- [Exercise] I would like you to output every record below exactly, apart from the pictures.

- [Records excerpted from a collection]
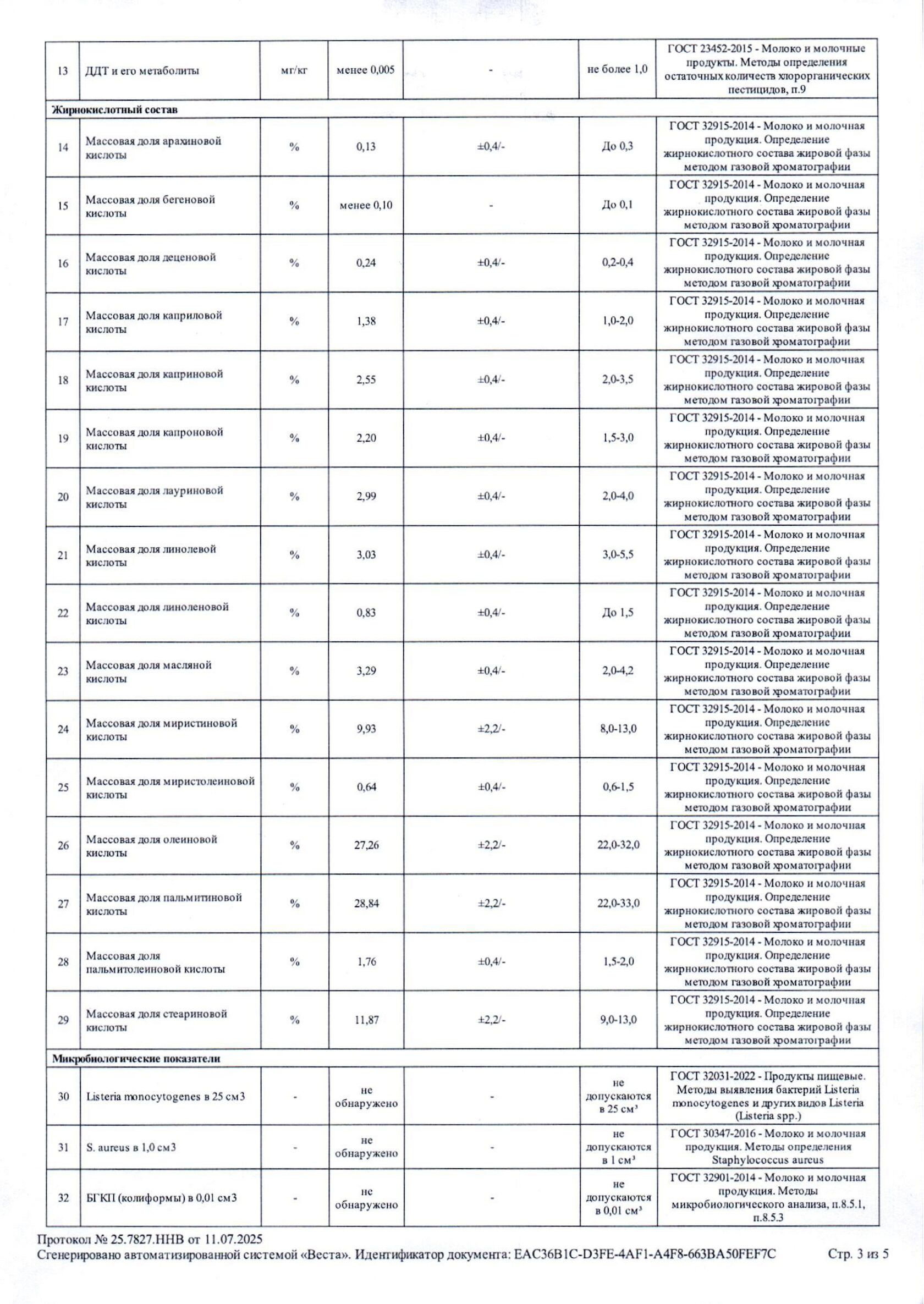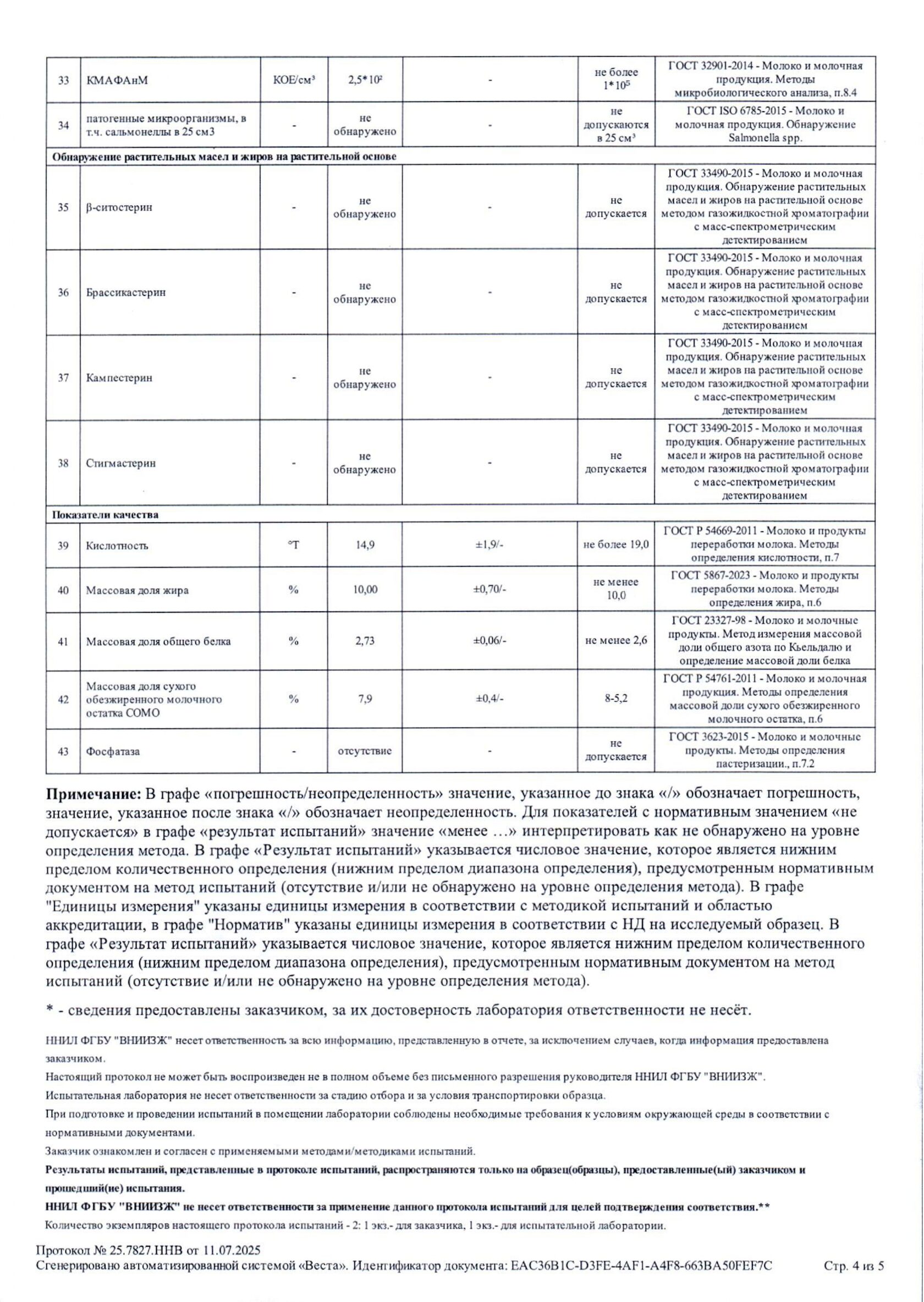 Протокол испытаний Сливки 10%
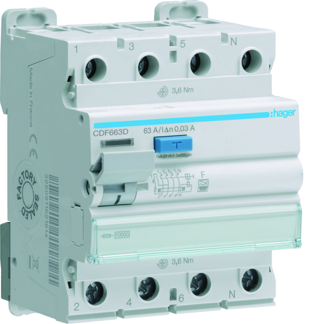 RCCB Wyłącznik różnicowoprądowy 3P+N 63A 30mA 10kA F
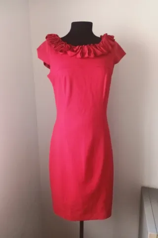 Precioso vestido de corte recto con un llamativo cuello volante. - Diseño elegante y favorecedor. - Ideal para eventos y ocasiones especiales. -excelente estado, solo usado una vez
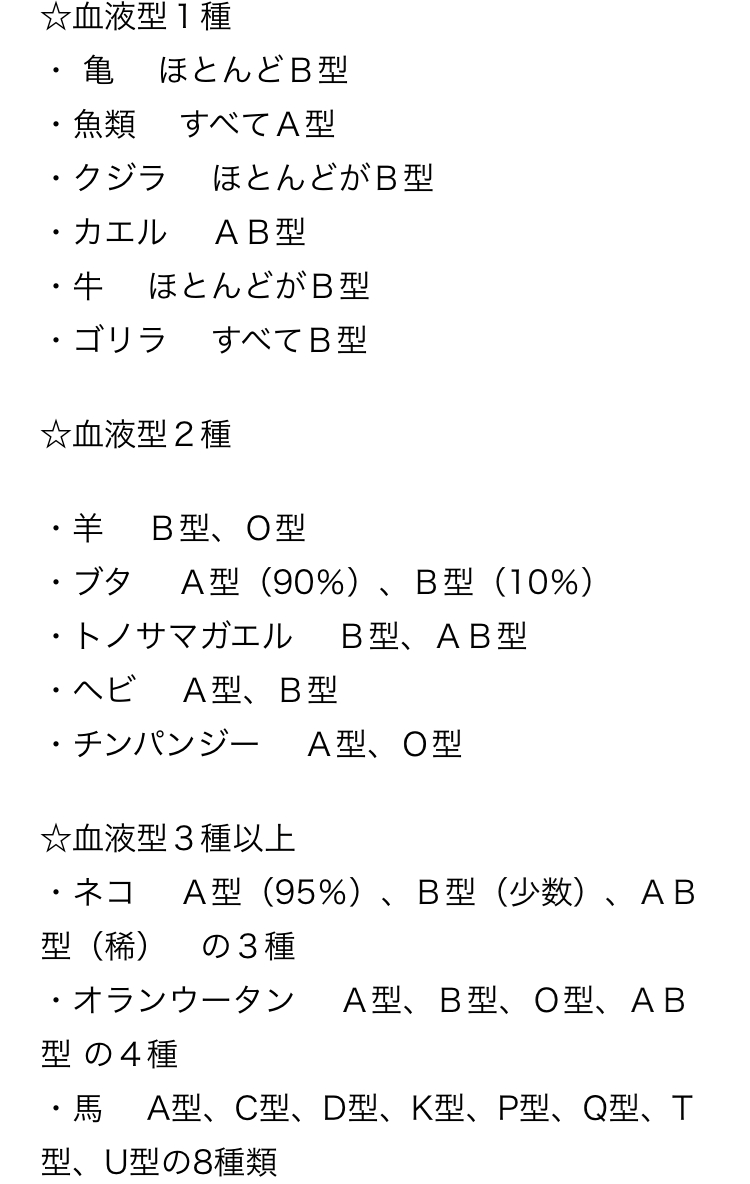 A.B.O.AB型→動物
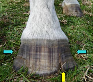 The tendency for flared (rather than upward) hoof growth in conjunction with stress from infrequent or incorrect trimming has resulted with probable stretching of the laminar/wall connection. (turquoise arrows)
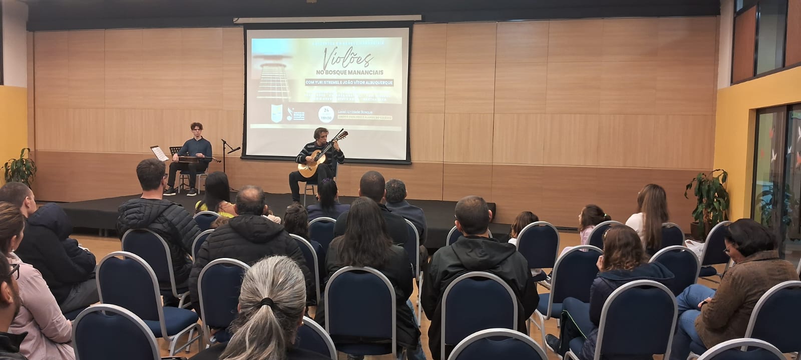 A noite de 24 de abril foi marcada por mais um concerto na Unidade Bosque do Colégio do Bosque Mananciais. O projeto Concertos do Bosque Mananciais realizou sua terceira apresentação do ano com o espetáculo “Violões no Bosque Mananciais”, protagonizado pelos músicos Yuri Stremel e João Vítor Albuquerque.

- [Solution]
 Протокол испытаний Сливки 10%
 RCCB Wyłącznik różnicowoprądowy 3P+N 63A 30mA 10kA F
 Precioso vestido de corte recto con un llamativo cuello volante. - Diseño elegante y favorecedor. - Ideal para eventos y ocasiones especiales. -excelente estado, solo usado una vez
 A.B.O.AB型→動物
 The tendency for flared (rather than upward) hoof growth in conjunction with stress from infrequent or incorrect trimming has resulted with probable stretching of the laminar/wall connection. (turquoise arrows)
 A noite de 24 de abril foi marcada por mais um concerto na Unidade Bosque do Colégio do Bosque Mananciais. O projeto Concertos do Bosque Mananciais realizou sua terceira apresentação do ano com o espetáculo “Violões no Bosque Mananciais”, protagonizado pelos músicos Yuri Stremel e João Vítor Albuquerque.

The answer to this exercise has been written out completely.